▸ **Exercise goal**
Each entry is to be reproduced verbatim, and images are to be omitted.

(Dataset entries)
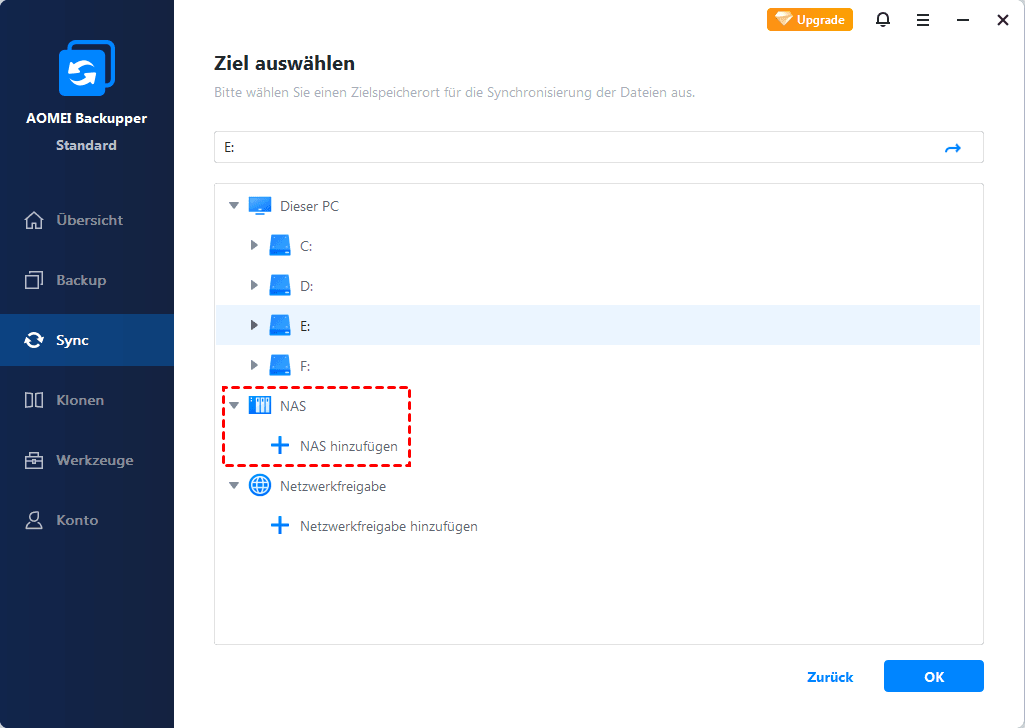 Wie Sie sehen, bietet Cloud Station Drive nur eine Zwei-Wege-Synchronisierung und eine Ein-Wege-Synchronisierung von Ihrem NAS zum PC. Wie können Sie eine Einweg-Synchronisierung von Ihrem PC zum NAS durchführen? Die beste kostenlose Dateisynchronisierungssoftware - AOMEI Backupper Standard kann Ihnen dabei helfen, einfach einen lokalen Ordner mit einem NAS-Server zu synchronisieren.
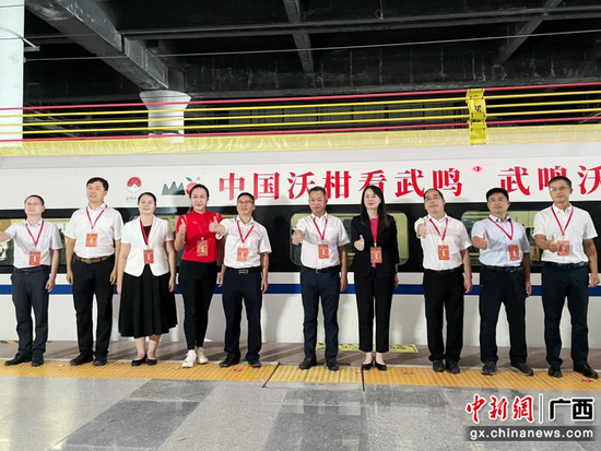 伴随着贵南高铁全线开通运营,武鸣正式接轨高铁时代,冠名首发的“武鸣沃柑”主题专列将作为“流动名片”,利用高铁辐射效应,助力区域经济高质量发展,推动更多农特产品走出广西,走向世界。
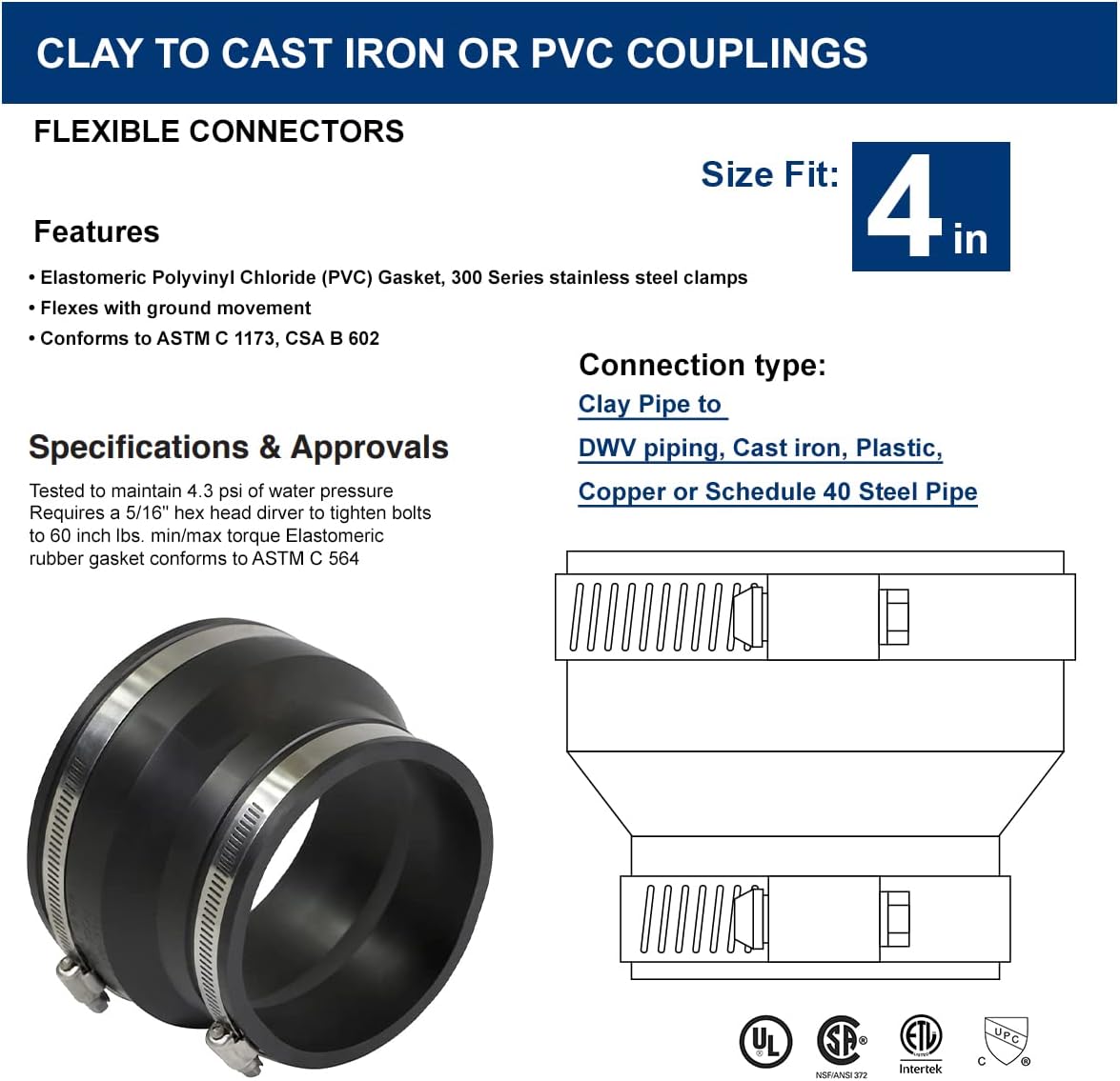 Flexible Coupling Compatible with cast iron, plastic, copper, lead, and steel piping Flexible Connectors are Leak-Proof, Rot-Proof and Sealed Against Infiltration and Exfiltration, May be used for non-pressure drain, waste, and vent (DWV) piping systems and sewer systems indoors and outdoors Conforms to ASTM C1173, CSA B602, Certified and UPC Approved, Rated for underground use Each Rubber Fitting is marked with part number, size, and certifications
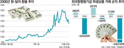 국회 기획재정위원회 소속 나성린 의원(한나라당)은 최근 ‘2008회계연도 기금결산보고서’를 분석한 결과 지난해 외국환평형기금(외평기금)이 파생상품 거래로 사상 최대인 6조3000억 원 규모의 손실을 입었다고 밝혔다. 외환시장 안정을 위해 정부가 운용하는 외평기금의 지난해 실적을 따져 보니 파생거래 수입이 5조3025억 원, 파생거래 지급은 11조5768억 원으로 6조2743억 원의 순손실을 입었다는 것이다.
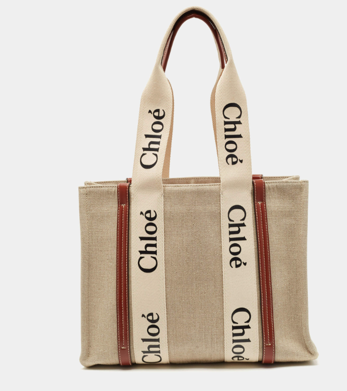 •Tote bag in linen canvas & shiny calfskin with Chloé logo•Main material: Linen•Secondary material: Calfskin•Trim:...
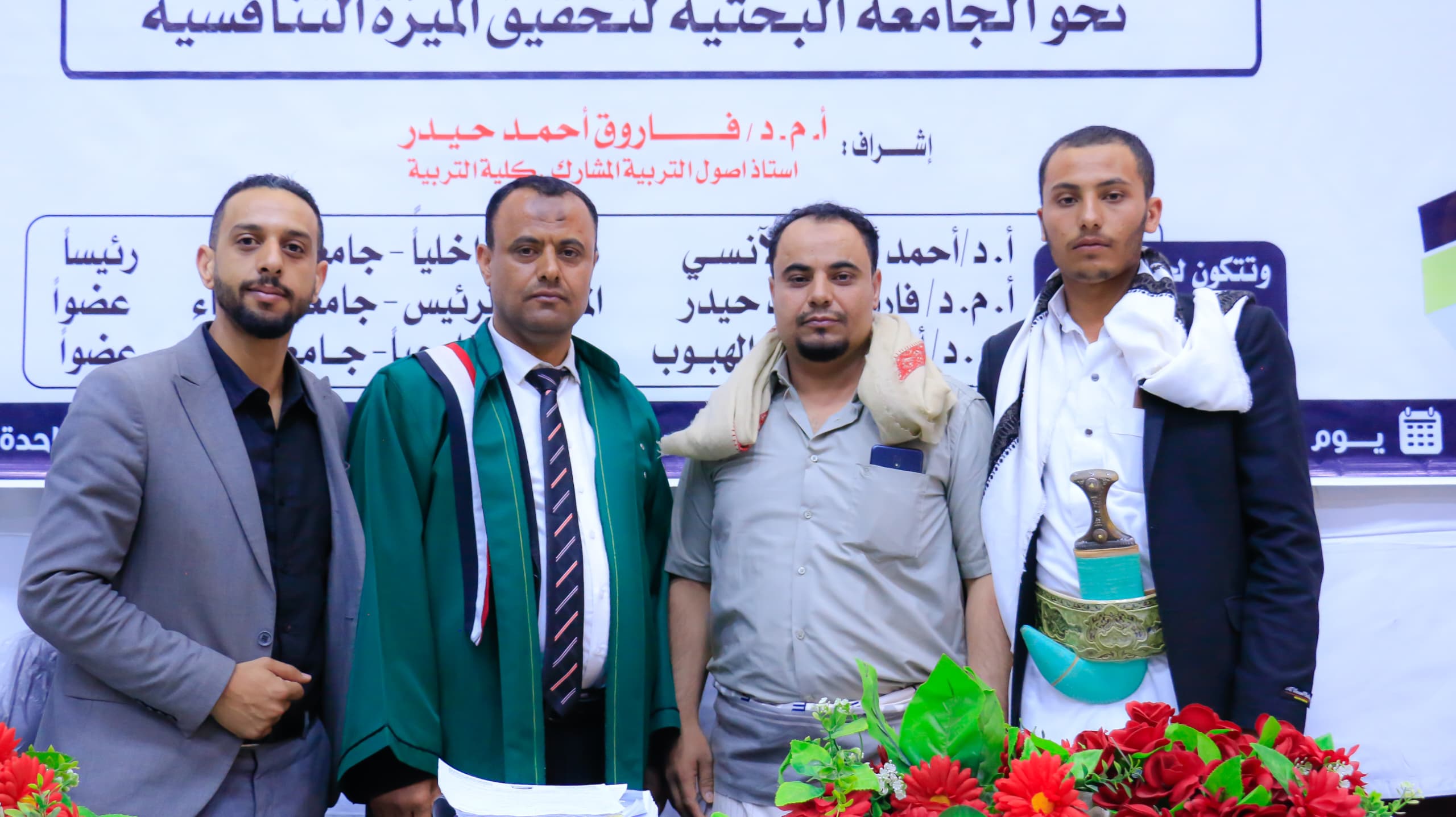 الأستاذ الدكتور/ أحمد أحمد الانسي رئيساً للجنة ومناقشاً داخلياً جامعة صنعاء، و الأستاذ المشارك الدكتور / أحمد غالب الهبوب أستاذ أصول التربية في جامعة إب،عضوا ومناقشاً خارجياً ،و الأستاذ المشارك الدكتور/فاروق أحمد حيدر المشرف الرئيس وعضواً باللجنة، جامعة صنعاء.
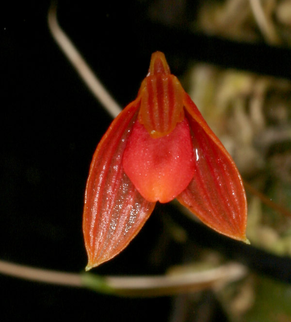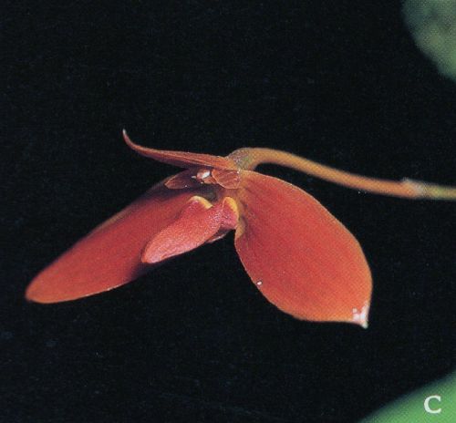Found in Sabah Borneo near Mt Kinabalu in montane forests at elevations of 1300 to 2100 meters as a mini-miniature sized, warm to cold growing, creeping epiphyte with ovoid to ellipsoid slightly flattened pseudobulbs carrying a single, apical, erect, rather thick, ovate to elliptic, abruptly narrowing below into the shortly petiolate base leaf that blooms in the spring and summer on a basal, erect, 1 to 1.8" [2.5 to 4.5 cm] long, single flowered inflorescence with a tubular floral bract and flowers without a scent.
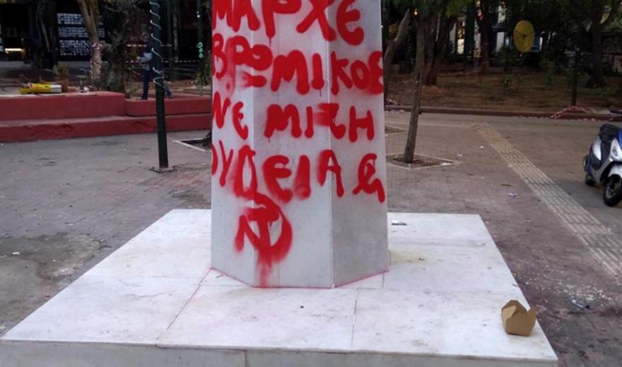 Στόχος βανδαλισμών έγινε για τρίτη φορά, το άγαλμα που βρίσκεται στο κέντρο της πλατείας Εξαρχείων.
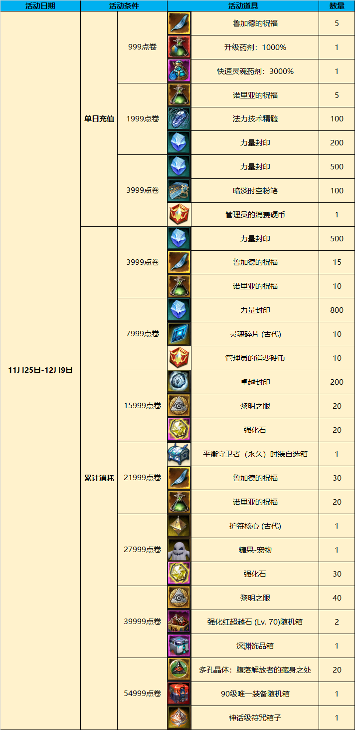 3. 11月25日12:00-12月9日10:00,玩家充值点卷或消耗点卷需要达到指定金额才可获得对应活动奖励,充值或消耗成功后奖励获取界面可能存在1-2分钟的延迟;
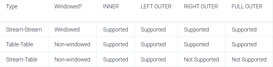 ksqlDB는 여러 형태의 OUTER JOIN을 지원한다.
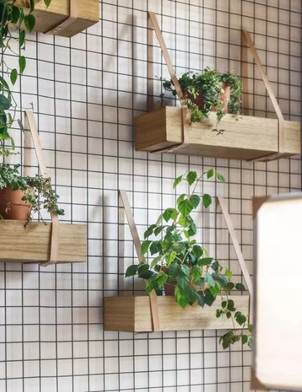最简单的就是这种横的隔板置物架。对墙面空间的利用非常高,而且很百搭哦。文艺范儿~
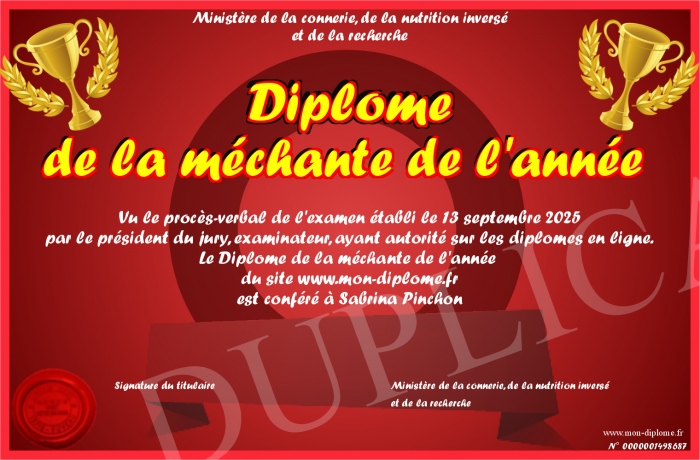 Envoyez par email votre Diplôme de la méchante de l'année personalisé

▸ **Written reply**
 Wie Sie sehen, bietet Cloud Station Drive nur eine Zwei-Wege-Synchronisierung und eine Ein-Wege-Synchronisierung von Ihrem NAS zum PC. Wie können Sie eine Einweg-Synchronisierung von Ihrem PC zum NAS durchführen? Die beste kostenlose Dateisynchronisierungssoftware - AOMEI Backupper Standard kann Ihnen dabei helfen, einfach einen lokalen Ordner mit einem NAS-Server zu synchronisieren.
 伴随着贵南高铁全线开通运营,武鸣正式接轨高铁时代,冠名首发的“武鸣沃柑”主题专列将作为“流动名片”,利用高铁辐射效应,助力区域经济高质量发展,推动更多农特产品走出广西,走向世界。
 Flexible Coupling Compatible with cast iron, plastic, copper, lead, and steel piping Flexible Connectors are Leak-Proof, Rot-Proof and Sealed Against Infiltration and Exfiltration, May be used for non-pressure drain, waste, and vent (DWV) piping systems and sewer systems indoors and outdoors Conforms to ASTM C1173, CSA B602, Certified and UPC Approved, Rated for underground use Each Rubber Fitting is marked with part number, size, and certifications
 국회 기획재정위원회 소속 나성린 의원(한나라당)은 최근 ‘2008회계연도 기금결산보고서’를 분석한 결과 지난해 외국환평형기금(외평기금)이 파생상품 거래로 사상 최대인 6조3000억 원 규모의 손실을 입었다고 밝혔다. 외환시장 안정을 위해 정부가 운용하는 외평기금의 지난해 실적을 따져 보니 파생거래 수입이 5조3025억 원, 파생거래 지급은 11조5768억 원으로 6조2743억 원의 순손실을 입었다는 것이다.
 •Tote bag in linen canvas & shiny calfskin with Chloé logo•Main material: Linen•Secondary material: Calfskin•Trim:...
 الأستاذ الدكتور/ أحمد أحمد الانسي رئيساً للجنة ومناقشاً داخلياً جامعة صنعاء، و الأستاذ المشارك الدكتور / أحمد غالب الهبوب أستاذ أصول التربية في جامعة إب،عضوا ومناقشاً خارجياً ،و الأستاذ المشارك الدكتور/فاروق أحمد حيدر المشرف الرئيس وعضواً باللجنة، جامعة صنعاء.
Found in Sabah Borneo near Mt Kinabalu in montane forests at elevations of 1300 to 2100 meters as a mini-miniature sized, warm to cold growing, creeping epiphyte with ovoid to ellipsoid slightly flattened pseudobulbs carrying a single, apical, erect, rather thick, ovate to elliptic, abruptly narrowing below into the shortly petiolate base leaf that blooms in the spring and summer on a basal, erect, 1 to 1.8" [2.5 to 4.5 cm] long, single flowered inflorescence with a tubular floral bract and flowers without a scent.
 Στόχος βανδαλισμών έγινε για τρίτη φορά, το άγαλμα που βρίσκεται στο κέντρο της πλατείας Εξαρχείων.
 3. 11月25日12:00-12月9日10:00,玩家充值点卷或消耗点卷需要达到指定金额才可获得对应活动奖励,充值或消耗成功后奖励获取界面可能存在1-2分钟的延迟;
 ksqlDB는 여러 형태의 OUTER JOIN을 지원한다.
最简单的就是这种横的隔板置物架。对墙面空间的利用非常高,而且很百搭哦。文艺范儿~
 Envoyez par email votre Diplôme de la méchante de l'année personalisé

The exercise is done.